▶ ASSIGNMENT
Everything in the data must be repeated exactly, apart from the pictures, which are left out.

▶ INFORMATION PROVIDED

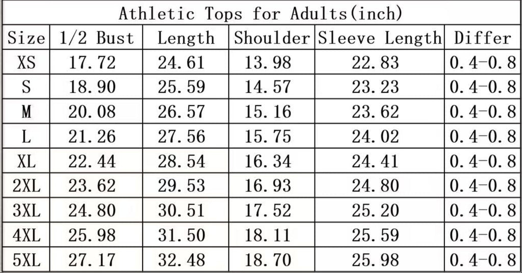 XS,S,M,L,XL,2XL,3XL,4XL,5XL
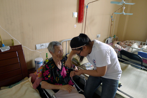经济与管理系“夕阳红”暑期社会实践小分队同学帮老人剪指甲(资料图片)
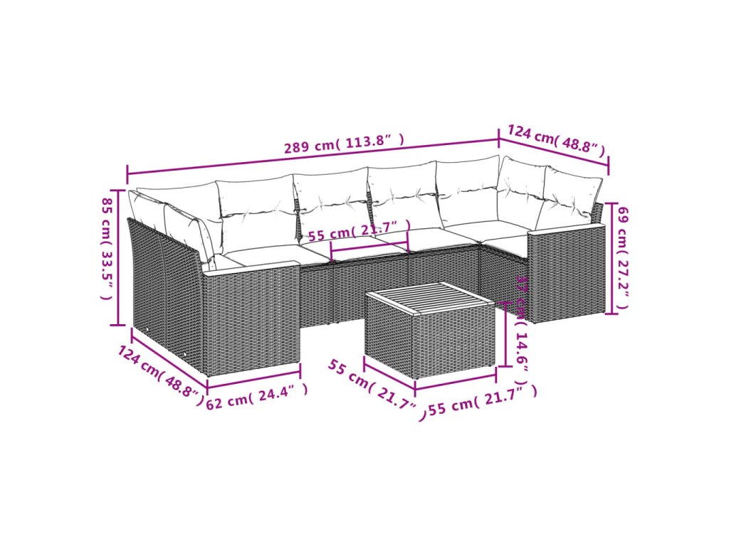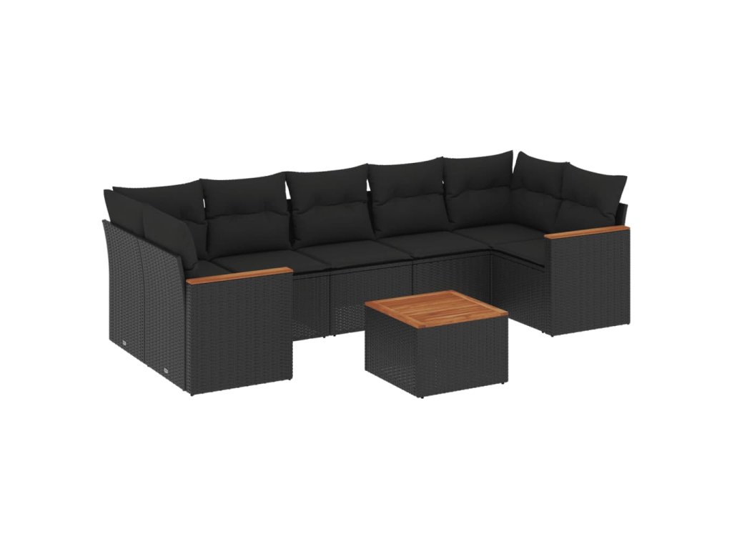 8dílná zahradní sedací souprava s poduškami černá polyratan 3225810

▶ OUTPUT BELOW
 XS,S,M,L,XL,2XL,3XL,4XL,5XL
经济与管理系“夕阳红”暑期社会实践小分队同学帮老人剪指甲(资料图片)
 8dílná zahradní sedací souprava s poduškami černá polyratan 3225810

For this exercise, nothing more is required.